*Data extracts*:
***

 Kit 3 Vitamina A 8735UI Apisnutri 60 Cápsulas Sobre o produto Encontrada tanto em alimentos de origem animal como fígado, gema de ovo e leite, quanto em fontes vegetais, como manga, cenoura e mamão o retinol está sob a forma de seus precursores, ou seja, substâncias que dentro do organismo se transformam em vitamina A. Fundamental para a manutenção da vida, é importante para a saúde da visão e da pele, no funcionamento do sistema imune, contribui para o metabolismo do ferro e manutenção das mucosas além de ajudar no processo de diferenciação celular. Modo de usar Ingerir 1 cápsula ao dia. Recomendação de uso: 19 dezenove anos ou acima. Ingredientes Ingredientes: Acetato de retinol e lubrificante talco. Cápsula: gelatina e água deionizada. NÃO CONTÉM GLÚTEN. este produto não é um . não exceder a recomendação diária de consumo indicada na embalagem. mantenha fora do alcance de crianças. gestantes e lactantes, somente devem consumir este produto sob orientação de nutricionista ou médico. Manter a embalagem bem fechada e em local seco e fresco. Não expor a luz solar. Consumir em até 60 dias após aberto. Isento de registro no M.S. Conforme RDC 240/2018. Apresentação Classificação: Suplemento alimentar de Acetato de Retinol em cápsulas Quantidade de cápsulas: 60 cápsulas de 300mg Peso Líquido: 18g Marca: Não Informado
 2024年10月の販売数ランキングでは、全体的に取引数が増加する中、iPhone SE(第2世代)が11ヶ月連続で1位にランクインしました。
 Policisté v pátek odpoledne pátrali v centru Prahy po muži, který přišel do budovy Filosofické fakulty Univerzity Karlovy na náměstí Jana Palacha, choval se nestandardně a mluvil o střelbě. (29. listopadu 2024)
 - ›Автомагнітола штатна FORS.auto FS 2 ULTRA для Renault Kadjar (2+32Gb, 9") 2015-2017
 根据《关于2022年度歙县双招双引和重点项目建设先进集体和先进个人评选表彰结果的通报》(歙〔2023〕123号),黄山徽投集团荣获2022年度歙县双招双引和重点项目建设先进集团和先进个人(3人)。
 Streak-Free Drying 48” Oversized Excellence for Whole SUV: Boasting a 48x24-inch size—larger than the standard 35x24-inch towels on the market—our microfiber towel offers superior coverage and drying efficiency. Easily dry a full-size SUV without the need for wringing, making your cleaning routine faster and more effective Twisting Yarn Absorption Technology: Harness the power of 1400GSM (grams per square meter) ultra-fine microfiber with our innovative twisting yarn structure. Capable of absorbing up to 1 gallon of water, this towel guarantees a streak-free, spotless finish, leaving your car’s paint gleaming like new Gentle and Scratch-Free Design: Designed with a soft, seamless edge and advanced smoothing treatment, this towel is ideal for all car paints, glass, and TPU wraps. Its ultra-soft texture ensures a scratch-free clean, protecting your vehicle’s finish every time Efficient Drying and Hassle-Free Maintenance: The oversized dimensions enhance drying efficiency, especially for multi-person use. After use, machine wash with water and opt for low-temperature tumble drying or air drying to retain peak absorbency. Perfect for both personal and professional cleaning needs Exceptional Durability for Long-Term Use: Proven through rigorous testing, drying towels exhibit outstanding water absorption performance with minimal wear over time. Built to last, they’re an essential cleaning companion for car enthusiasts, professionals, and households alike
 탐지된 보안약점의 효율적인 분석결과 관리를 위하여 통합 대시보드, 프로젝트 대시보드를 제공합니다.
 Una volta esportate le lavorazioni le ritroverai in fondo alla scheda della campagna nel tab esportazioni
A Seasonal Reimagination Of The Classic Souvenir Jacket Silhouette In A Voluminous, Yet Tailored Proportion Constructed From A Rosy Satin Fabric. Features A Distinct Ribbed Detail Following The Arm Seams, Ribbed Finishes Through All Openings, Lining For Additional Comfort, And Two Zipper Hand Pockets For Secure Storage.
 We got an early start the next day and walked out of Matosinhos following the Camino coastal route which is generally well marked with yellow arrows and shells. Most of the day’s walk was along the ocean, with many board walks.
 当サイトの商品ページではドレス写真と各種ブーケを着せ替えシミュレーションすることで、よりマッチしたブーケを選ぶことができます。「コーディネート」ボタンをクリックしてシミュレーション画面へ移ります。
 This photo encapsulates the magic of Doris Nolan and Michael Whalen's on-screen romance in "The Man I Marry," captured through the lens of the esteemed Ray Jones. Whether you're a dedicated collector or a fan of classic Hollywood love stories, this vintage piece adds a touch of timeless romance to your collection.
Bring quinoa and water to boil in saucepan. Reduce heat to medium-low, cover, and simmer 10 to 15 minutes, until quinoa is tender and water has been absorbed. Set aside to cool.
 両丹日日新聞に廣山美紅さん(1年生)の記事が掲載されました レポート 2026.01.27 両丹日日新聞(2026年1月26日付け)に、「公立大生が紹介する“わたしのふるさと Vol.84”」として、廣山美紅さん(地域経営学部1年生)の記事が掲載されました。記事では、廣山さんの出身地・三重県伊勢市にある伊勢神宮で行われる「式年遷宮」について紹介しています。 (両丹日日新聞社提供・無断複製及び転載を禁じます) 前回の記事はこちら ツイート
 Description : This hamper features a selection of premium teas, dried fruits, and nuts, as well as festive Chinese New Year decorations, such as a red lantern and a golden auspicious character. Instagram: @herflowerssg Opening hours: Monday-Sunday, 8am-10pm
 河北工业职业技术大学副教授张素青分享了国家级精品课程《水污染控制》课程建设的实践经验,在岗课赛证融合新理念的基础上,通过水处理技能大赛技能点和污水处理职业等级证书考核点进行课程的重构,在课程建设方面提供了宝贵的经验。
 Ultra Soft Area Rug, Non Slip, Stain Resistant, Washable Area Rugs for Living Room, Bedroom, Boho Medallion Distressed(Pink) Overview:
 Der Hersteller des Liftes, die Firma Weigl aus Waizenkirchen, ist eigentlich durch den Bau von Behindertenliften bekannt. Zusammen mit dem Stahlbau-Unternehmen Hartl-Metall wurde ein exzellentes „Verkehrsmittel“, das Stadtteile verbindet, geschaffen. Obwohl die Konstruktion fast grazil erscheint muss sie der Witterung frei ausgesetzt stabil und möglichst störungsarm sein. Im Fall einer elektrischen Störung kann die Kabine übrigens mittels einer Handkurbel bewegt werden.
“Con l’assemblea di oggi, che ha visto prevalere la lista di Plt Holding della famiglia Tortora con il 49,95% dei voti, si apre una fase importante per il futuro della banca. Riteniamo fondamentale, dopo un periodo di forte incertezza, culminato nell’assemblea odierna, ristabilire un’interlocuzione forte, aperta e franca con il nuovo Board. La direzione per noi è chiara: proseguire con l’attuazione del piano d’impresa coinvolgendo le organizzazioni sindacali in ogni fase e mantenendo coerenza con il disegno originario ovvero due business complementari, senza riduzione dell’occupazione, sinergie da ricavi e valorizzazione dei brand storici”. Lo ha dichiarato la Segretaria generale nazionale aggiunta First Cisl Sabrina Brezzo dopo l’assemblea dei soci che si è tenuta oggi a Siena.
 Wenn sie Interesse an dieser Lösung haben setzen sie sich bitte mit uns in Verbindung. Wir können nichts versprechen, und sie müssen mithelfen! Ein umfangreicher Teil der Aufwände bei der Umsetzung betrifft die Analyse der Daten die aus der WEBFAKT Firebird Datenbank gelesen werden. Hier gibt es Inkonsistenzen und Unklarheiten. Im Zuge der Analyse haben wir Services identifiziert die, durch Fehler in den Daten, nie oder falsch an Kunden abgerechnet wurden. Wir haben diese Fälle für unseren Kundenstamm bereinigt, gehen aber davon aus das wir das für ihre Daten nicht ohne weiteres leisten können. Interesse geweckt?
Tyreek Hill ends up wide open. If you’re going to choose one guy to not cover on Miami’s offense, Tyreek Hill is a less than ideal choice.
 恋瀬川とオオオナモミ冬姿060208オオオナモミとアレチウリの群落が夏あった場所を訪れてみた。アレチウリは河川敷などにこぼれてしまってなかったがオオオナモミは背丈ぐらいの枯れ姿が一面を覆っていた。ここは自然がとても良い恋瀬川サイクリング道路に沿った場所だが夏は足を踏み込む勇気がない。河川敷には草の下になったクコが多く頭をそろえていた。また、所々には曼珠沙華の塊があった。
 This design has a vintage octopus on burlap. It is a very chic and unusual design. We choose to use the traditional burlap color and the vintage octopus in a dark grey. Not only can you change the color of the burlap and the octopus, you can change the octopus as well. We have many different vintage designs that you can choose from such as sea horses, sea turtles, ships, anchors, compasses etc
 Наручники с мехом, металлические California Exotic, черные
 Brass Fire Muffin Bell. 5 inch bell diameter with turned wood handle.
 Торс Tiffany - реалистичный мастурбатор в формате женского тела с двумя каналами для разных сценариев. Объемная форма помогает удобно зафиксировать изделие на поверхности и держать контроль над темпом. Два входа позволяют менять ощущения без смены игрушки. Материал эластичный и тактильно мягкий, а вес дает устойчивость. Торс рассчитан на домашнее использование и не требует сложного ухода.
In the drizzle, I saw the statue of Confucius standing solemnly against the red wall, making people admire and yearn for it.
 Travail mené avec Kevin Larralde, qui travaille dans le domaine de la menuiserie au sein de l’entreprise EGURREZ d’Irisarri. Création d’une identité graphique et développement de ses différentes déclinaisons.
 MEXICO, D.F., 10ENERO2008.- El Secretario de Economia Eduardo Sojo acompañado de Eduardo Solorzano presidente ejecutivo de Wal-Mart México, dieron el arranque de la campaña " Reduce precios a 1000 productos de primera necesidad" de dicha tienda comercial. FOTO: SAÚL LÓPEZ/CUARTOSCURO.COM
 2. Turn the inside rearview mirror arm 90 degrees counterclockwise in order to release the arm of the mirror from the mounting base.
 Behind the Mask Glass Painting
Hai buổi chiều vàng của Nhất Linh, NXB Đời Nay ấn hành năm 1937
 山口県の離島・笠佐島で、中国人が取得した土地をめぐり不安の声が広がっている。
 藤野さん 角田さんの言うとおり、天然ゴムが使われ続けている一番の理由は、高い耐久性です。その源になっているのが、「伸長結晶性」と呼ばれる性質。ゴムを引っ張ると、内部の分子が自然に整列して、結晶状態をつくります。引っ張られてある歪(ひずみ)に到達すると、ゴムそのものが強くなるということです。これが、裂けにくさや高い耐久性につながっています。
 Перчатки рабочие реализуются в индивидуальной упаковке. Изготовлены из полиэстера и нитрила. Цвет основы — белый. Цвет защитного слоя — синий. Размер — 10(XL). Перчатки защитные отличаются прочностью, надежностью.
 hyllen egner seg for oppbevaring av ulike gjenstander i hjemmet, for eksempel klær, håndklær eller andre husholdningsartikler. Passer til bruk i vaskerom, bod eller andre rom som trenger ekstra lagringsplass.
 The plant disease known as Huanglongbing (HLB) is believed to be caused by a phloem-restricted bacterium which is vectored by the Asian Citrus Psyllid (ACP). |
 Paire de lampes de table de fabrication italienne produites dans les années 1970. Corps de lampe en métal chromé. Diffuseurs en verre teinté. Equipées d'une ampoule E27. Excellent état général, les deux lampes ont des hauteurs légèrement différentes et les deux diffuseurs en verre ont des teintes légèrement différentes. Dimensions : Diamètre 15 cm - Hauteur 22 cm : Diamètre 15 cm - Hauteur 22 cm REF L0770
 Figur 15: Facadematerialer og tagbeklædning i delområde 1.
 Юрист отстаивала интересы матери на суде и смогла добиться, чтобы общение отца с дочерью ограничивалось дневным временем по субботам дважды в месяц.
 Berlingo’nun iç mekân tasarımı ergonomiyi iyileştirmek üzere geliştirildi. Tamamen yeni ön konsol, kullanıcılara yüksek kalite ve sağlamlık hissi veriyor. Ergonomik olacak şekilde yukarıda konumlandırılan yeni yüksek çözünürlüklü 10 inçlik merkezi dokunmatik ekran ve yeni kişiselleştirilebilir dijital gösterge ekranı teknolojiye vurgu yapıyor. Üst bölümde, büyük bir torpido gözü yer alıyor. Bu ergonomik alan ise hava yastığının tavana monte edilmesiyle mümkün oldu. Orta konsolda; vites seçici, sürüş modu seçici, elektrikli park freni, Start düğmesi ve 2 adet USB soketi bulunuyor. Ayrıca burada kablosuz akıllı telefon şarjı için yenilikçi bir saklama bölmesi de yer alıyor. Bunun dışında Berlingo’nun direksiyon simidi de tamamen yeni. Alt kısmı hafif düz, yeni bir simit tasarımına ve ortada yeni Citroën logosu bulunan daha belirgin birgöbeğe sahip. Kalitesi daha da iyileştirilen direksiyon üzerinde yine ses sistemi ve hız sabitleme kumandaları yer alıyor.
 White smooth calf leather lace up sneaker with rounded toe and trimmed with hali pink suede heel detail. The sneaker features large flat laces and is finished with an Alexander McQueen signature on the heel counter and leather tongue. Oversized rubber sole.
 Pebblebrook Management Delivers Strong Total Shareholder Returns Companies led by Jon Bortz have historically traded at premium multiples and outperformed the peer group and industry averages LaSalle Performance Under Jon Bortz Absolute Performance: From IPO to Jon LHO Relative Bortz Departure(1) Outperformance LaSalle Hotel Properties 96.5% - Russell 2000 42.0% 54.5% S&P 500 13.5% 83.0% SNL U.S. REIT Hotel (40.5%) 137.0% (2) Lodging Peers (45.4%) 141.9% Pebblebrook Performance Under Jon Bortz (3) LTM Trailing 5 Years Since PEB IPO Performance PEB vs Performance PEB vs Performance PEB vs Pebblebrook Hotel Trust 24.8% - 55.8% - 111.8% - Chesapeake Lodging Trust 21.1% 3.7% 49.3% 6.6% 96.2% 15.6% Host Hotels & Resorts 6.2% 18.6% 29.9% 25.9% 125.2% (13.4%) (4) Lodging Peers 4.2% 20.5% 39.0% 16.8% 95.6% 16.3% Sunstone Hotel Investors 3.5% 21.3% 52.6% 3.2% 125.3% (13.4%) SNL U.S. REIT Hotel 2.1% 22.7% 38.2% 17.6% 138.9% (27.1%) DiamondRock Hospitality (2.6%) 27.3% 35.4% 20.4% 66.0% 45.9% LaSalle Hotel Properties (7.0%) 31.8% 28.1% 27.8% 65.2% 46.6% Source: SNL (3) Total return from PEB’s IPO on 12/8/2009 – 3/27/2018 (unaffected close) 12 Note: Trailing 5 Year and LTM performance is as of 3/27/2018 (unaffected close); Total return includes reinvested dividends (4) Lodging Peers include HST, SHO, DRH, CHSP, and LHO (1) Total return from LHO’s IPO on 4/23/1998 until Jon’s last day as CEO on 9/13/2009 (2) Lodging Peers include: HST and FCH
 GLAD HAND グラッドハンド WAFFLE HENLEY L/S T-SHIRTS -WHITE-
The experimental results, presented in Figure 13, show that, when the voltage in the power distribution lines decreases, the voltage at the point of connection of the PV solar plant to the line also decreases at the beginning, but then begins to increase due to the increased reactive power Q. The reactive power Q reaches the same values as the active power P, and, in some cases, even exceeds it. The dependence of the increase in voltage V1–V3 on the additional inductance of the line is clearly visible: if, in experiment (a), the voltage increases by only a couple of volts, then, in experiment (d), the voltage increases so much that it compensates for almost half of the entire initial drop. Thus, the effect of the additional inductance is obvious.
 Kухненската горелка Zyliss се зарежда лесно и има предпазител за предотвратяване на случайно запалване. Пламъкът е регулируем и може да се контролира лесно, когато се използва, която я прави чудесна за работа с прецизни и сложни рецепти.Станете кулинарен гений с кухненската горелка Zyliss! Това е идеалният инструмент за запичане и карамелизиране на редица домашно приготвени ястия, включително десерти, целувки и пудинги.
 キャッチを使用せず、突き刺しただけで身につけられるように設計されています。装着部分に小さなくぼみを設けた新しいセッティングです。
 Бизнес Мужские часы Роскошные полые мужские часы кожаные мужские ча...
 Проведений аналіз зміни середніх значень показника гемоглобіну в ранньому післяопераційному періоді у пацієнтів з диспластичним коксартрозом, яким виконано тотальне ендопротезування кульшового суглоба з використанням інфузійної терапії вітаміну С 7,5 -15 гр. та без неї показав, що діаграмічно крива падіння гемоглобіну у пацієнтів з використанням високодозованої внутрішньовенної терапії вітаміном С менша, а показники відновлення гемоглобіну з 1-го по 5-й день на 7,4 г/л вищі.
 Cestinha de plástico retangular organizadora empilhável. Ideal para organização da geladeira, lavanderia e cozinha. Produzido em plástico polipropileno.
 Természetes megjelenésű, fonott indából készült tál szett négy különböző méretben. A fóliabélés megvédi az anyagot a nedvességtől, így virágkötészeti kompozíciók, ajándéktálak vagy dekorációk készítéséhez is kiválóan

***

*Description of the task*: From the records above, transcribe without alteration every line from the one with "- ›Автомагнітола штатна" to the one with "根据《关于2022年度歙县双", inclusive.

*Answer below*:
 - ›Автомагнітола штатна FORS.auto FS 2 ULTRA для Renault Kadjar (2+32Gb, 9") 2015-2017
 根据《关于2022年度歙县双招双引和重点项目建设先进集体和先进个人评选表彰结果的通报》(歙〔2023〕123号),黄山徽投集团荣获2022年度歙县双招双引和重点项目建设先进集团和先进个人(3人)。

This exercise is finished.